Quidlibet audendi semper fuit æqua potestas."

There is, however, no necessity for resorting to the scheme of the Humanitarians, in order to render the Deity interesting to Christians. He has manifested himself for us in a human shape, and invested with all those affections which ennoble him in our conceptions, and endear him to our feelings. This will give sufficient license to a poet to venture into the heavens and declare the attributes of Omnipotence. But he must remember that the being of the Father is only visible and audible in the person of the Son. Milton might have been taught this by reference to the 2nd psalm, in which the generation of the Messiah is declared. The decree, however, is reported by himself. It is but one person that speaks throughout, and he says "The Lord hath said unto me, Thou art my Son, this day have I begotten thee." Milton proceeds differently

"Thus when in orbs

Of circuit inexpressible they stood,
Orb within orb, the Father infinite,

By him in bliss embosomed sat the Son,

Amidst, as from the flaming mount whose top

Brightness had made invisible, thus spake.
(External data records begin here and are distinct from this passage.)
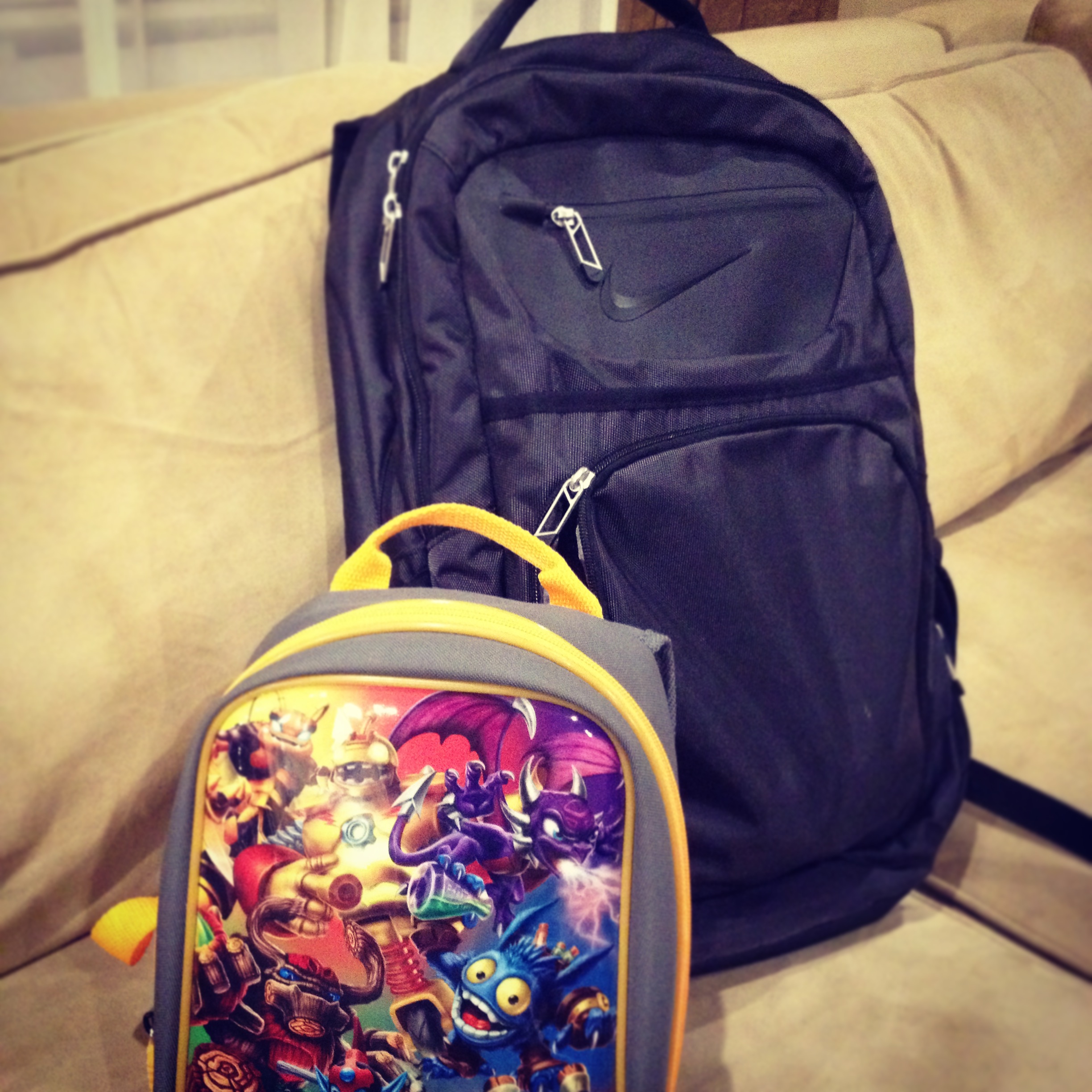 It’s funny now, looking back. The first backpack leads to another, and then another. Cartoon characters make way for skater styles, and before you know it, you’re over 40 – lugging your checkpoint friendly, Nike, denier nylon techie essential backpack onto an airplane to Montreal. The thing is loaded to the hilt with your laptop, iPad, iPod, noise canceling headphones, neck pillow, snacks, water and all the other travel necessities… most of which, you really don’t need. Looking around, half of the passengers carry packs as well. They’re supposed to make the trip easier, but they weigh way too much, and you almost throw your back out trying to get it up into the overhead bins.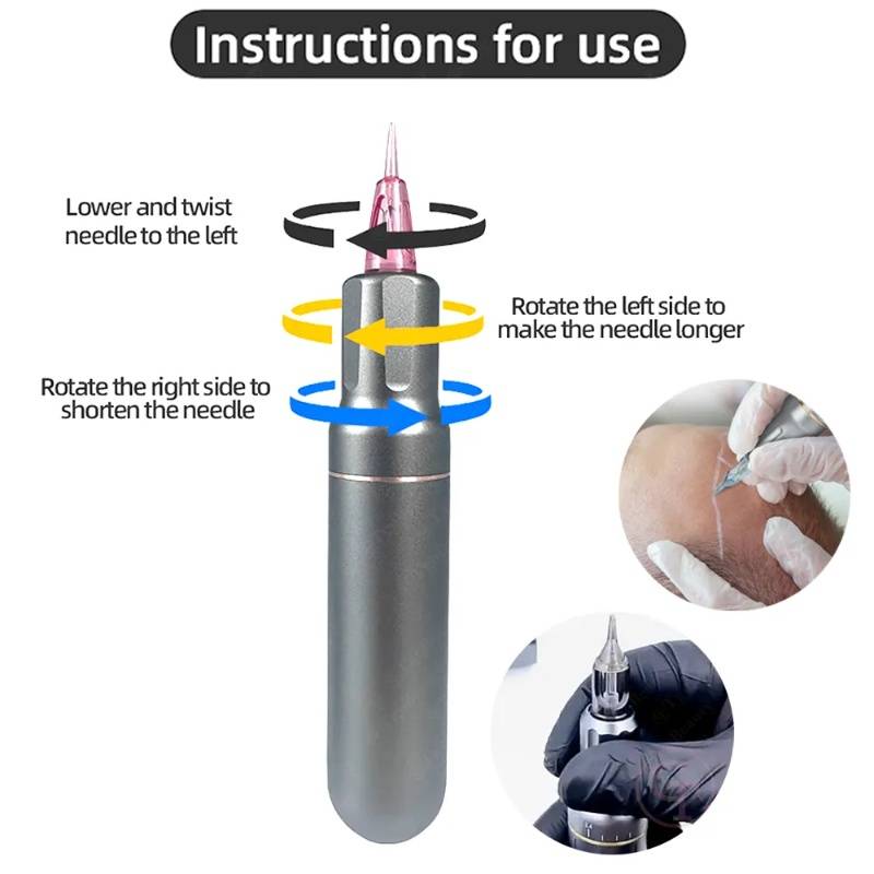 Rotate left to extend needle length | Twist right to shorten | Secure lower lock for perfect depth control in scalp tattoo procedures.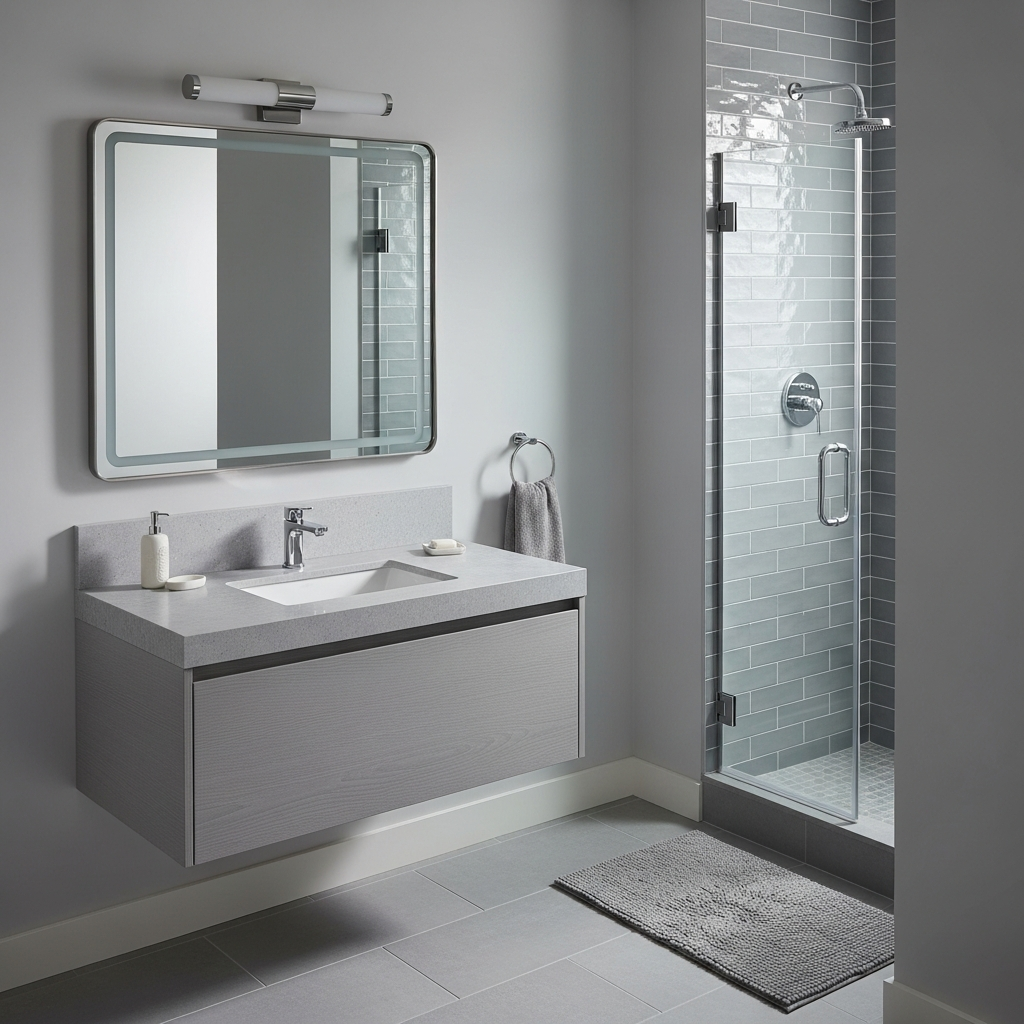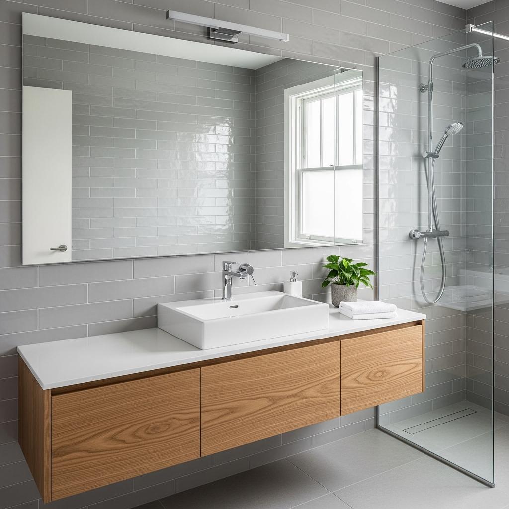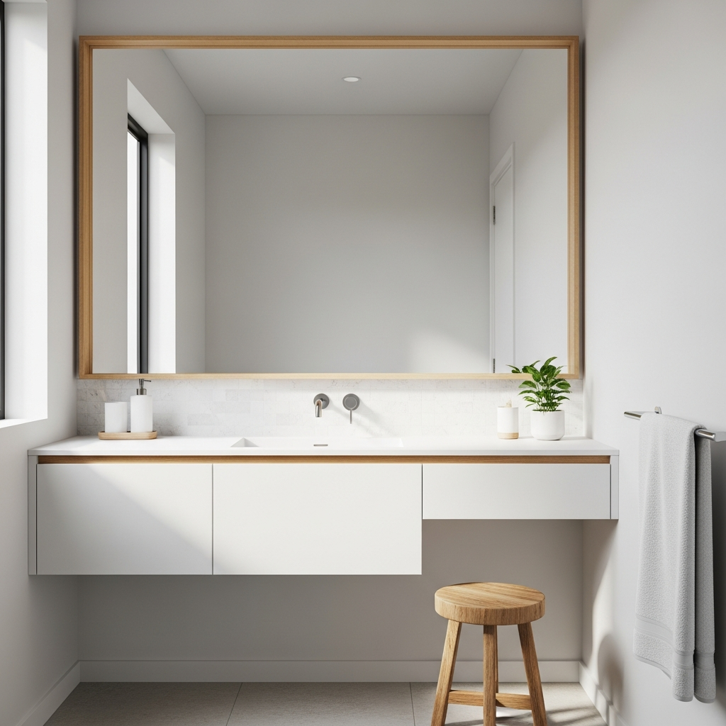 While a large rectangular mirror expands space, a round mirror can soften harsh angles and add a touch of modern elegance. It creates a beautiful focal point, especially when paired with a simple vanity, and feels less imposing than a square alternative.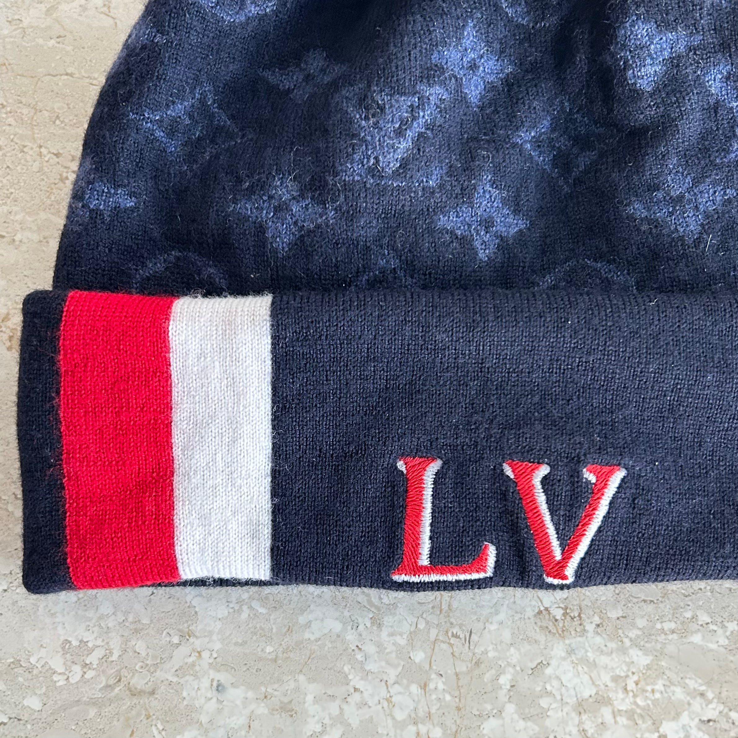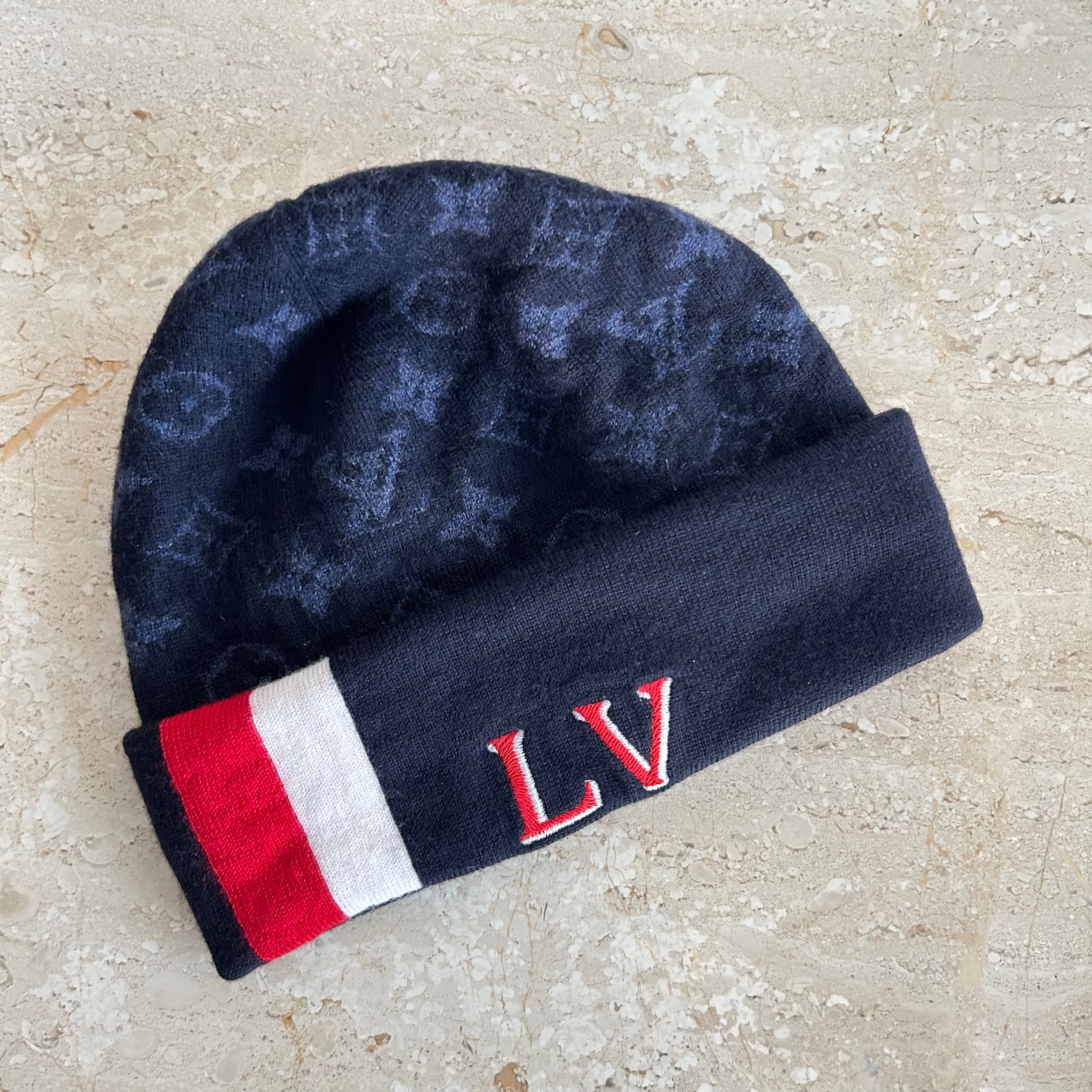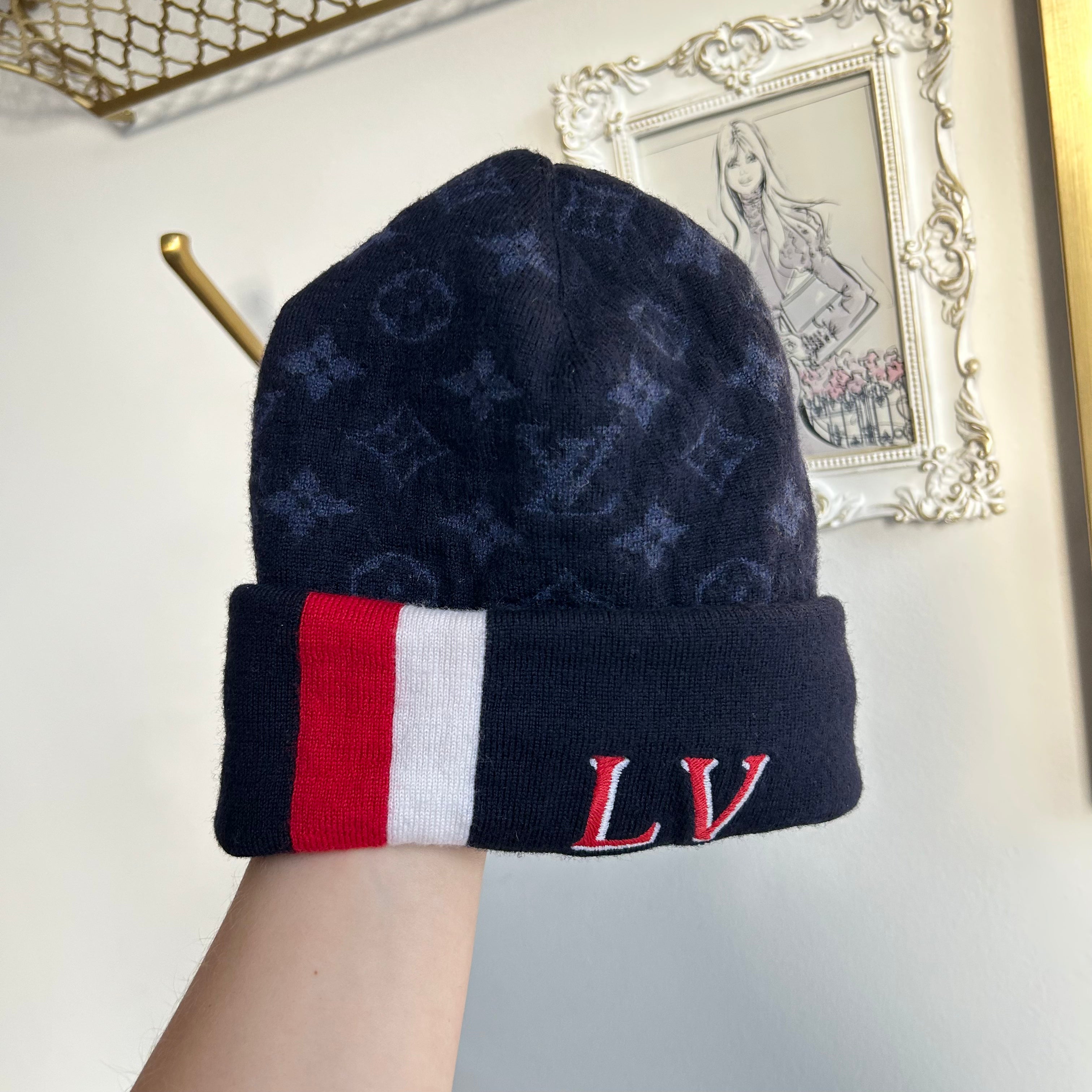 Pre-Owned Louis Vuitton Navy Blue LV Varsity Beanie Toque. Crafted in 100% wool, this navy blue beanie features the house monogram motifs throughout, and the house initials in red and white across the front. A fab piece to keep you warm all winter! *Perfume Scent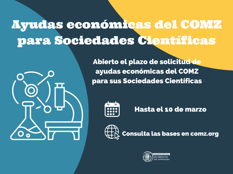 Ya está abierto el plazo de presentación de solicitudes de las ayudas económicas del COMZ destinadas a las Sociedades Científicas con el objetivo de incentivar la realización de proyectos y actividades de carácter sanitario que puedan ser beneficiosas para la sociedad zaragozana, la propia especialidad o el Colegio.
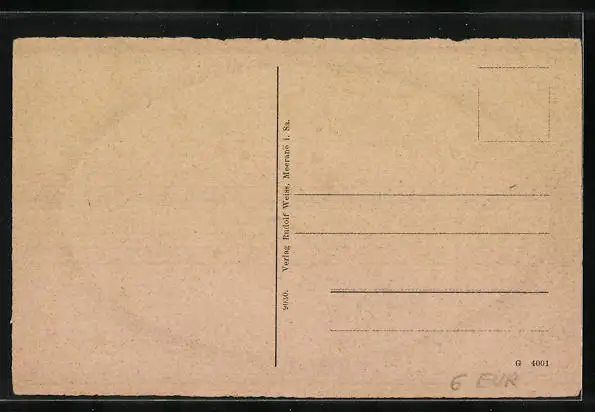 Personenbezogene Daten auf der Rückseite der Karte wurden durch blauen Textmarker unkenntlich gemacht. Die blauen Stellen sind auf die Vorderseite durchgeweicht und wirken sich negativ auf das Postkartenfoto aus

Hear all ye angels, progeny of light,

Thrones, dominations, princedoms, virtues, powers,
Hear my decree, which unrevoked shall stand.

This day have I begot, whom I declare
My only Son.'"-Book v. 594-604.

On a sedulous perusal of "the Christian Doctrine," it will be found to be the best Commentary on the "Paradise Lost" and "Regained;" but the disagreements between the poet's principles and practice are many, and relate to the more disputable doctrines, on which it is clear his own opinion was much divided, and differed at different periods of his life, and we are inclined to believe subsequently to the composition of that extraordinary treatise.

Dr. Channing is in error when he thanks God for having "raised up this illustrious advocate of the long-obscured doctrine of the Divine Unity." Milton, on the contrary, is a determined theist. His system presents a Trinity without a Unity-three Gods, of whom one is supreme, and each substantially distinct from the others. But in "Paradise Lost," we have, at any rate, a modification of this opinion

"Beyond compare the Son of God was seen,
Most glorious; in him all his Father shone,
Substantially expressed."-Book iii. 138-140.